[[ Material supplied open ]]

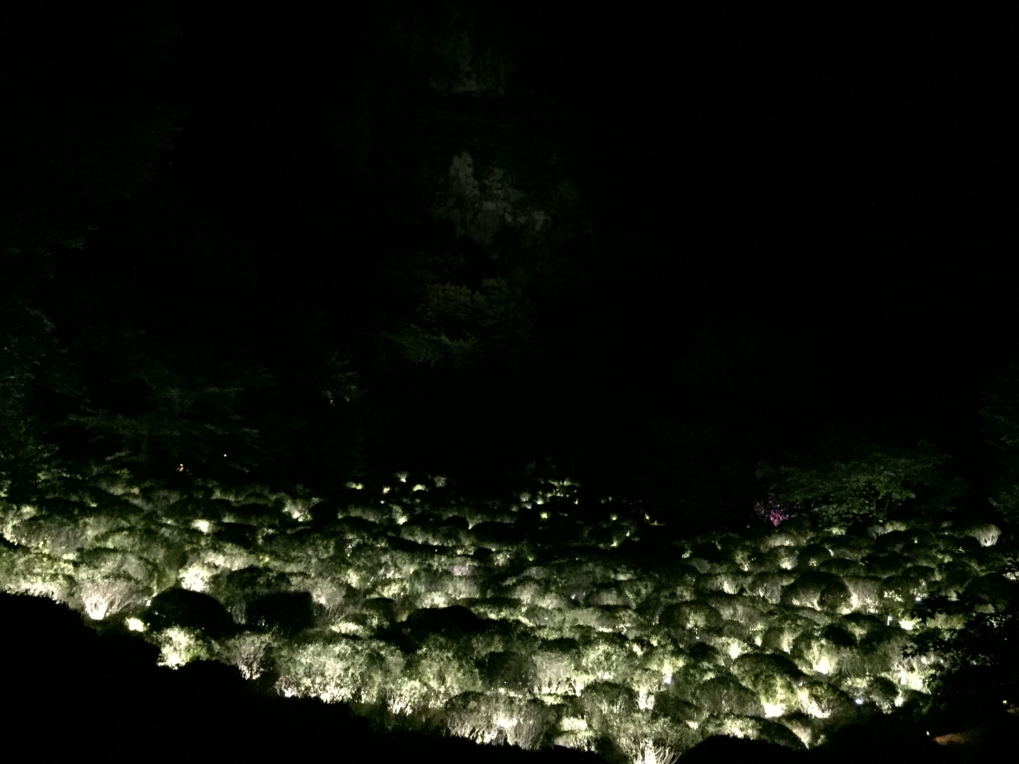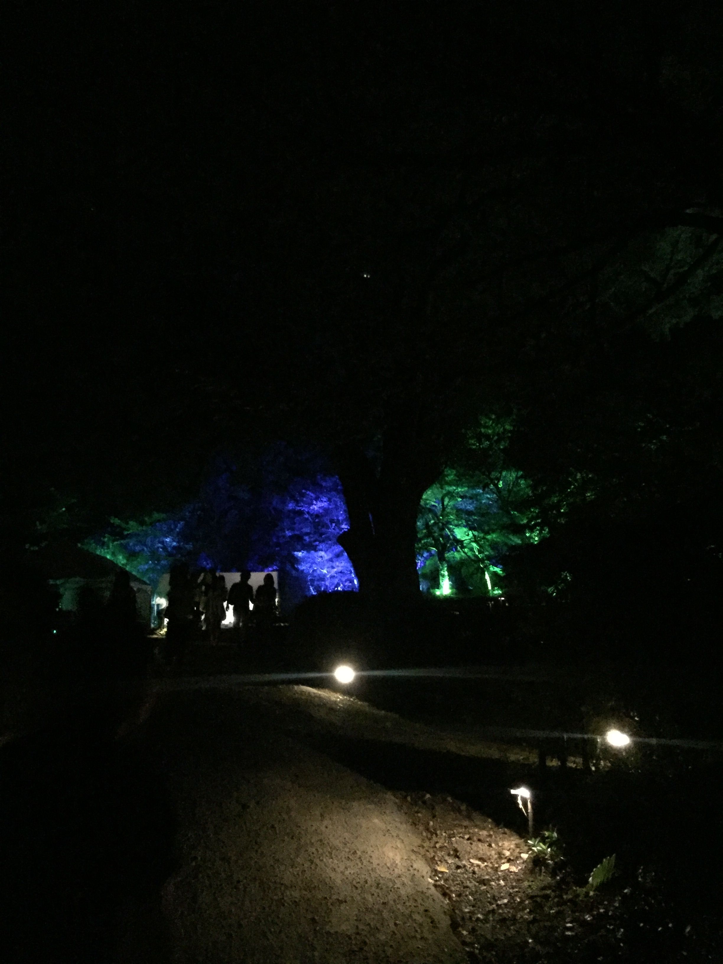 辺りが暗くなってから入場し御船山楽園の、森に囲まれた庭園のなかを散策します。
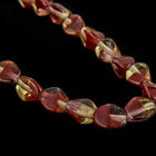 Opaque dark red swirled with transparent light topaz.
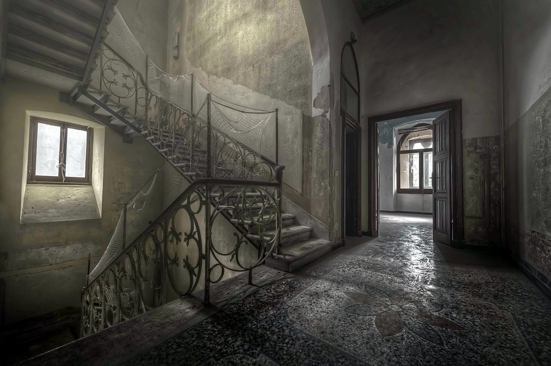 Una vieja escalera en la entrada de un edificio en ruinasUna vieja escalera en la entrada de un edificio en ruinas
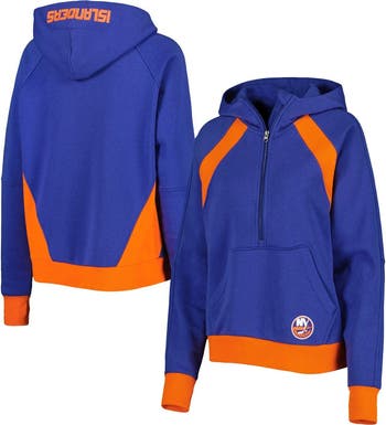 The Women's Starter Royal New York Islanders Wishbone Half-Zip Hoodie is the perfect way to show your support for the New York Islanders. This midweight hoodie is made from a soft cotton and polyester blend, featuring embroidered graphics, a fleece lining, and a front pouch pocket. Mesh insets and raglan sleeves provide a comfortable fit, while rib-knit insets and thumbholes in cuffs add style. Whether you're cheering on the Islanders at the rink or relaxing at home, this hoodie will keep you warm and comfortable.
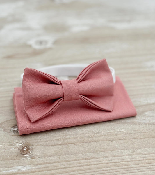 Desert Coral Bow Tie & Suspenders – All Sizes for Men and Boys, Pocket Square, Ring Bearer, Groomsman Gift, Boho Barn Wedding
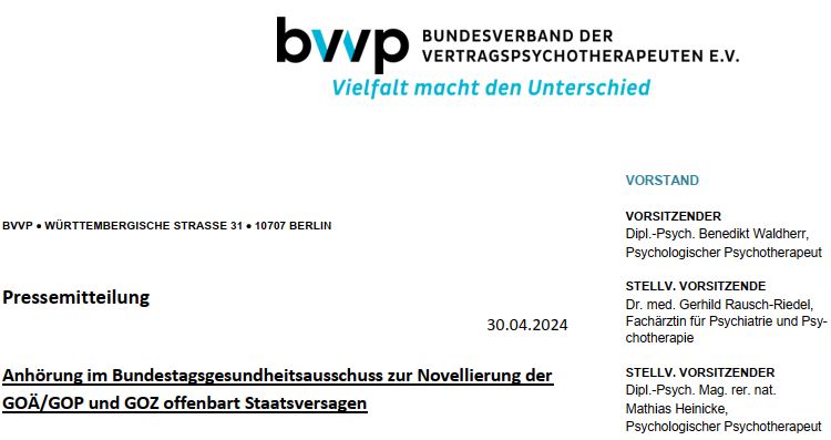 Krankenkassen lenken ein – Gemeinsame Pressemitteilung bvvp, DPtV, VAKJP
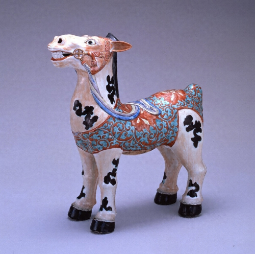 確固とした造形力から生まれたどっしりと安定感ある躯体、轡をはんで眼をかっと見開いた馬の緊張感ある表情、華麗な衣装の文様は作品の美しさを際立たせています。オランダ東インド会社を通じた注文に応えた有田の陶工の力量が発揮された名品といえるでしょう。現在のところ、世界で6体しか確認されていないうちの2体を当館でご覧いただけます。この作品はフランスからの里帰り品です。
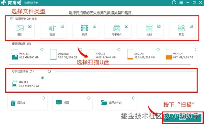 步骤1: 在软件的首页中,当我们把U盘连接到电脑后,就会在“可移动驱动器”中显示。选择好扫描位置和扫描文件类型,就能够让软件开始扫描了。
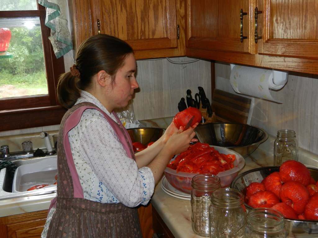 Photo Caption: It's time for tomatoes! Once again, Kim had the a-peeling job. :) Show AllShow All
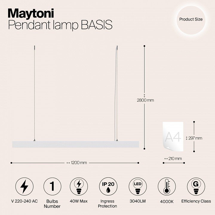 Станьте первым, кто оставит отзыв о товаре Подвесной светодиодный светильник Maytoni Vinder P051PL-L40W4K.

[[ Material supplied closed ]]

Task goal:
Copy exactly the lines running from the line with "步骤1: 在软件的首页中,当" to the final line of the listing, keeping both ends and dropping any picture.

Exercise response:
 步骤1: 在软件的首页中,当我们把U盘连接到电脑后,就会在“可移动驱动器”中显示。选择好扫描位置和扫描文件类型,就能够让软件开始扫描了。
 Photo Caption: It's time for tomatoes! Once again, Kim had the a-peeling job. :) Show AllShow All
 Станьте первым, кто оставит отзыв о товаре Подвесной светодиодный светильник Maytoni Vinder P051PL-L40W4K.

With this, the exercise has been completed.